-- Problem --
Set down a faithful copy of every record below, with no images.

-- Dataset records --
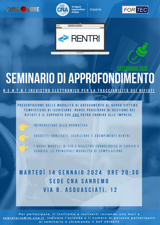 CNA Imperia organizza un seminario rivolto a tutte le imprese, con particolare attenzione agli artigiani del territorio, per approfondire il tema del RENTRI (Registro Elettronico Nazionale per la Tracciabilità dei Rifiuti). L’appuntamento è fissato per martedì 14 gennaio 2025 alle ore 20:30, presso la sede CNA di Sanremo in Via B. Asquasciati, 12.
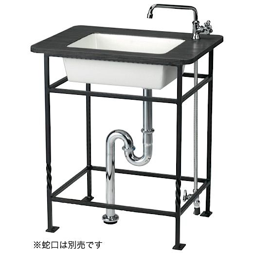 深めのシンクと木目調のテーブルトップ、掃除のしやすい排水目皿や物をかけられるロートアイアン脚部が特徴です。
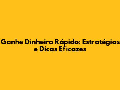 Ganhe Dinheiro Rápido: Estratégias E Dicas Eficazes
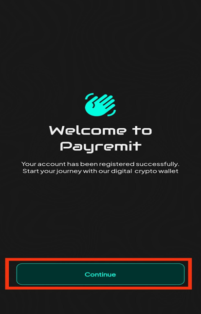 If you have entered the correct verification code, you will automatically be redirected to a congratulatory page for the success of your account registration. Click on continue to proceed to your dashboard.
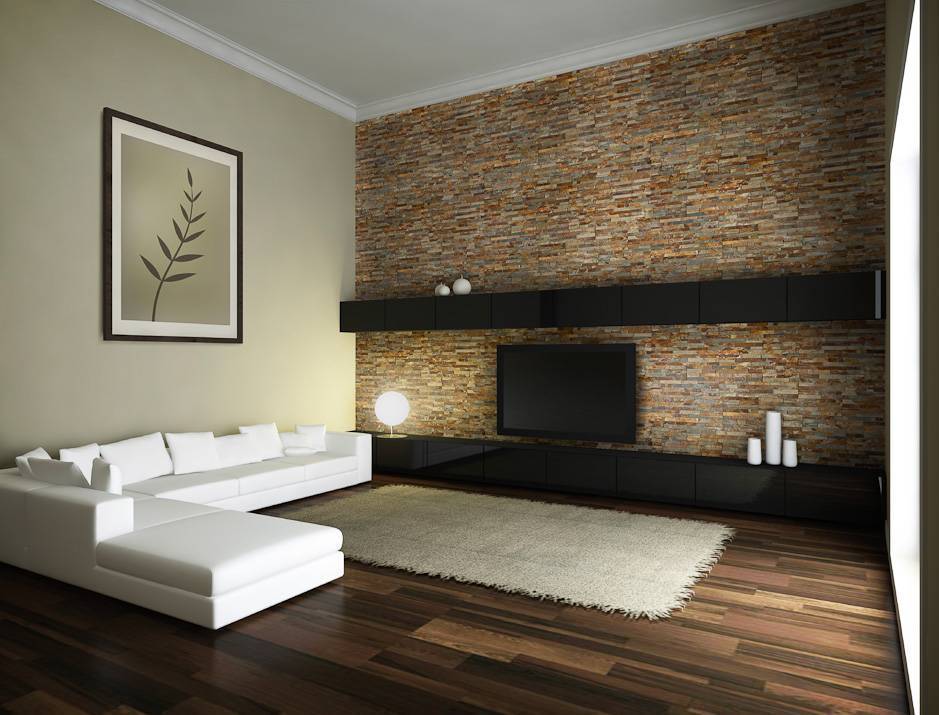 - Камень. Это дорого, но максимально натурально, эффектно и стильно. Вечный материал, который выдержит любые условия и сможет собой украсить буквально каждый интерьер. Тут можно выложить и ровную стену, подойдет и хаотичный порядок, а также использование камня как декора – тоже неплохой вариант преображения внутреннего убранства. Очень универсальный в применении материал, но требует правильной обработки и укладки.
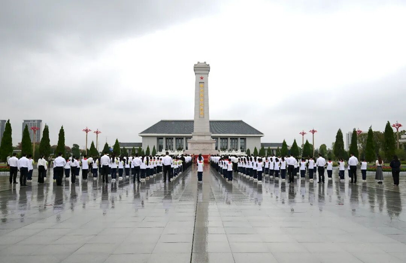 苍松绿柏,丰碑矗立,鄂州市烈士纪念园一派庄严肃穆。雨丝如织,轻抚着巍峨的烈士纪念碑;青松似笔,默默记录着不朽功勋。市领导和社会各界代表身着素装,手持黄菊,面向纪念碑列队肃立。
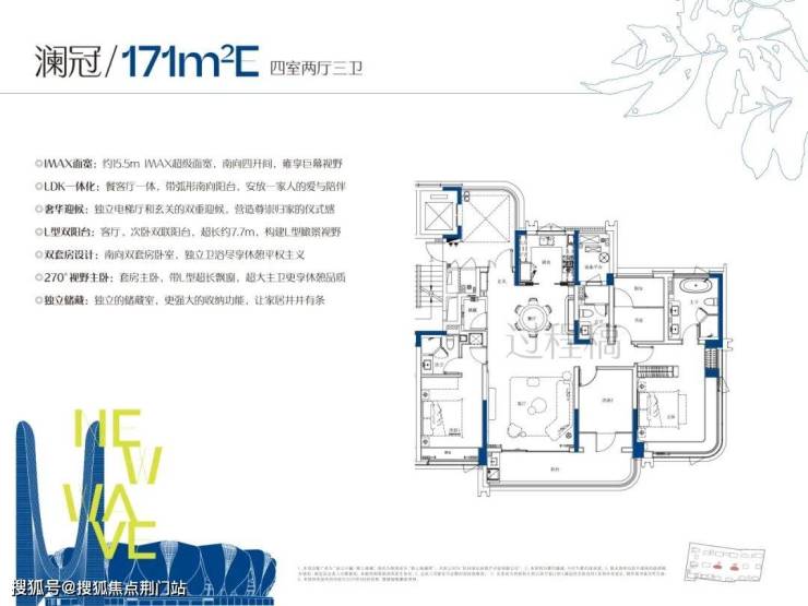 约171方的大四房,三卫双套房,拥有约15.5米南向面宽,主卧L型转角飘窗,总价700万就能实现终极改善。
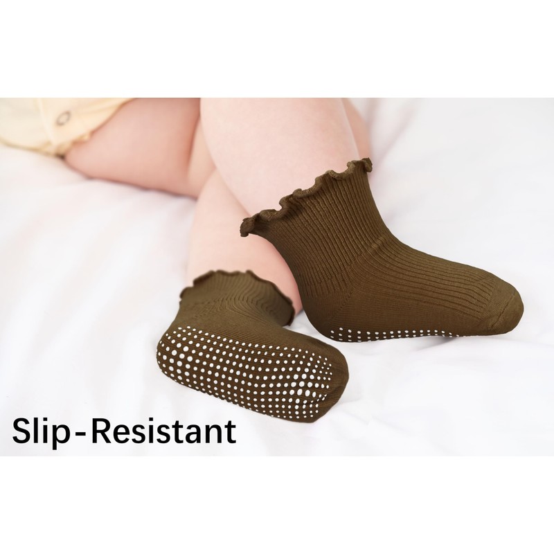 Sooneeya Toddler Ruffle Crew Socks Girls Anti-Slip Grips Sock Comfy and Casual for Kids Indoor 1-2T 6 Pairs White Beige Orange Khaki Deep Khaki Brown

-- Problem solution --
 CNA Imperia organizza un seminario rivolto a tutte le imprese, con particolare attenzione agli artigiani del territorio, per approfondire il tema del RENTRI (Registro Elettronico Nazionale per la Tracciabilità dei Rifiuti). L’appuntamento è fissato per martedì 14 gennaio 2025 alle ore 20:30, presso la sede CNA di Sanremo in Via B. Asquasciati, 12.
 深めのシンクと木目調のテーブルトップ、掃除のしやすい排水目皿や物をかけられるロートアイアン脚部が特徴です。
 Ganhe Dinheiro Rápido: Estratégias E Dicas Eficazes
 If you have entered the correct verification code, you will automatically be redirected to a congratulatory page for the success of your account registration. Click on continue to proceed to your dashboard.
 - Камень. Это дорого, но максимально натурально, эффектно и стильно. Вечный материал, который выдержит любые условия и сможет собой украсить буквально каждый интерьер. Тут можно выложить и ровную стену, подойдет и хаотичный порядок, а также использование камня как декора – тоже неплохой вариант преображения внутреннего убранства. Очень универсальный в применении материал, но требует правильной обработки и укладки.
 苍松绿柏,丰碑矗立,鄂州市烈士纪念园一派庄严肃穆。雨丝如织,轻抚着巍峨的烈士纪念碑;青松似笔,默默记录着不朽功勋。市领导和社会各界代表身着素装,手持黄菊,面向纪念碑列队肃立。
 约171方的大四房,三卫双套房,拥有约15.5米南向面宽,主卧L型转角飘窗,总价700万就能实现终极改善。
 Sooneeya Toddler Ruffle Crew Socks Girls Anti-Slip Grips Sock Comfy and Casual for Kids Indoor 1-2T 6 Pairs White Beige Orange Khaki Deep Khaki Brown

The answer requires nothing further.